Taco Goulooze responded (Oct 20, 2011 10:40 PM)
Your proposed “Certainty assessments” values include ‘disproved’. Has there ever been a discussion about the fact that you have no way of keeping track of facts that have been disproven within most (if not all) genealogical database software? Or am I generalizing and just haven’t been using the right software?
I responded (Oct 21, 2011 04:26 AM)
I think you are correct, but I don’t use most genealogical applications, so cannot be certain. I’ve heard that some apps are adding support for Mill’s Genealogical Proof Standard, but I don’t think the GPS goes nearly far enough. I think Mill’s over compromised for simplicity. I don’t think my source categories and certainty assessments are overly complex – I use them everyday. The GPS has both ‘negative’ and ‘conflicting’ categories for source evidence, but that only applies indirectly to the claims that are referenced by that source.
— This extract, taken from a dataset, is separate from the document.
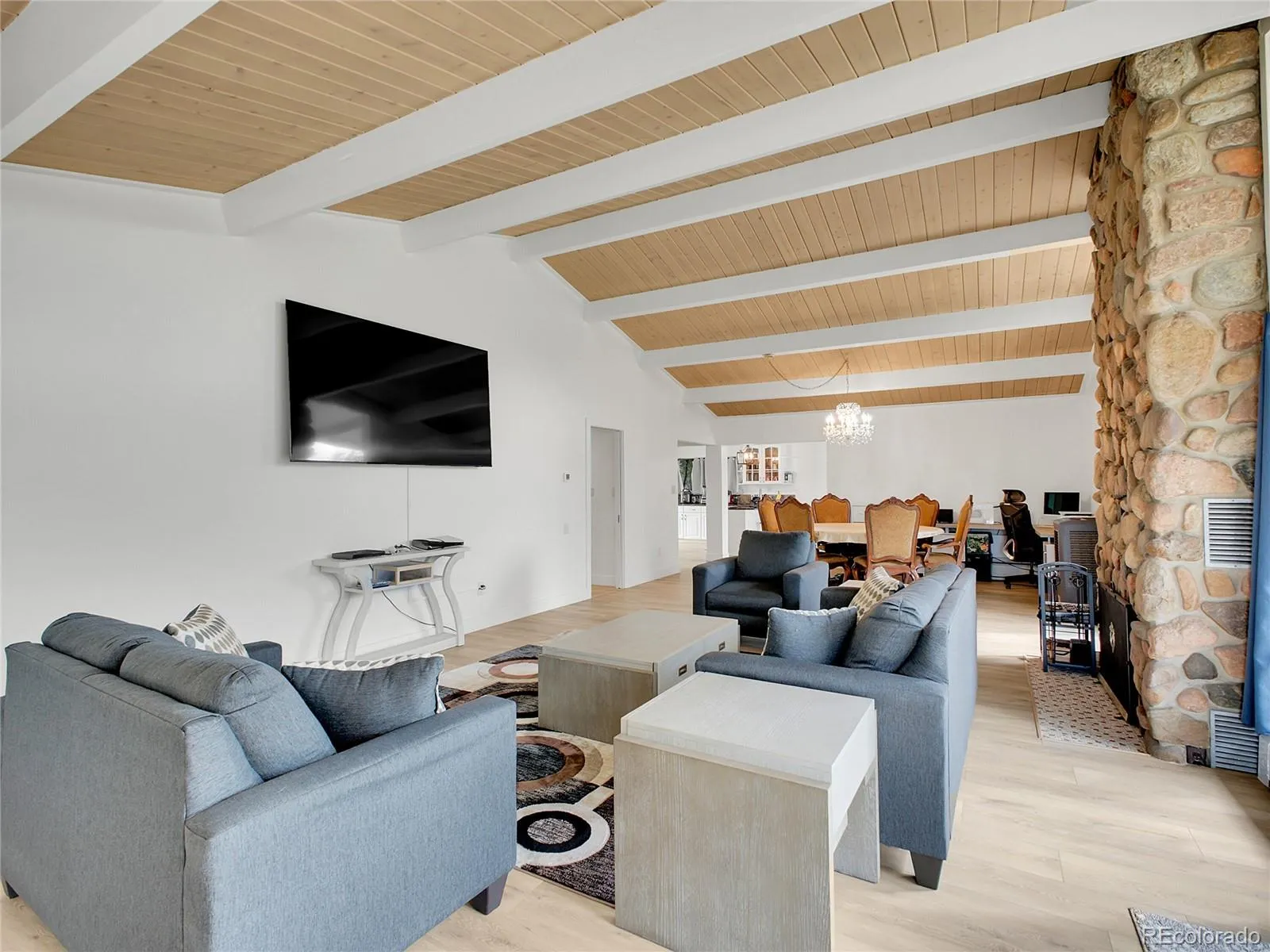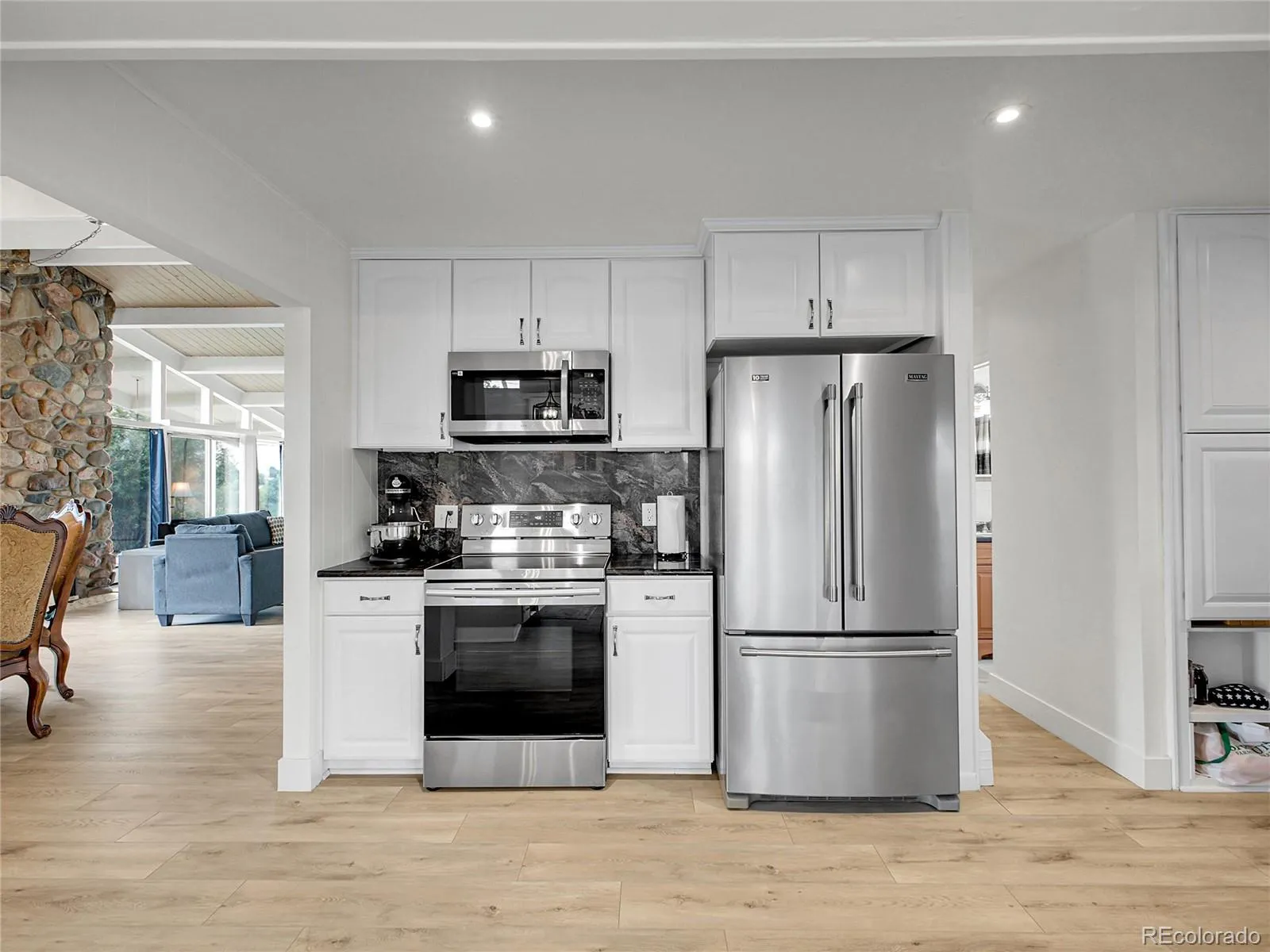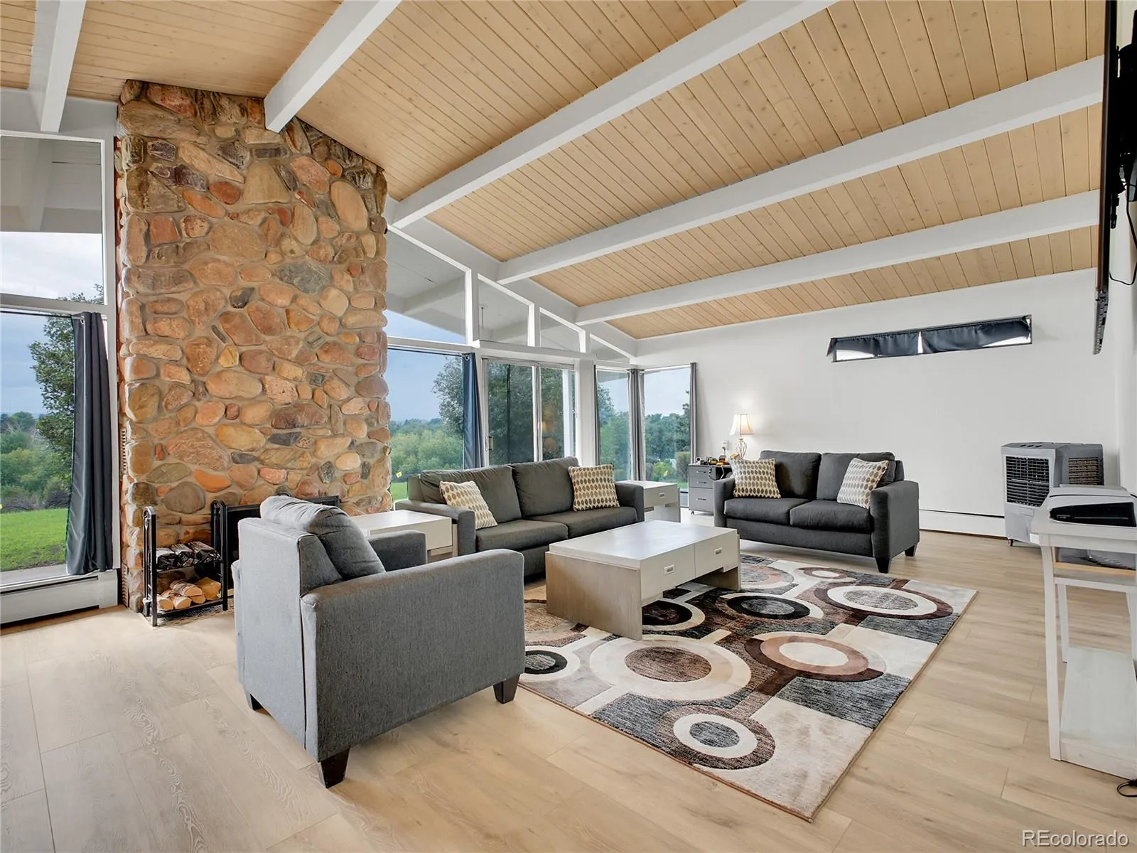 Inside, you’ll find a Colorado rock fireplace anchoring the great room and a second fireplace warming the family room. The home’s open floor plan and abundant windows bring natural light inside and frame the surrounding beauty. The primary suite is tucked away for privacy, complete with an ensuite bath and its own private balcony—perfect for morning coffee. Recessed lighting adds a modern touch throughout.

It is always better to assess the claims themselves for exactitude.
Taco Goulooze responded (Oct 21, 2011 07:50 AM)
Especially in a time where gedcoms and online family trees become more readily available and in larger quantities, you have to be able to record a claim that you or someone else has proven to be false, and be able to support that with proof (and keep record of its sources). Otherwise, it will keep on popping up. If 100 people claim something without sourcing it, it will gradually be more accepted as ‘true’ if there is no record kept of why it is a falsehood.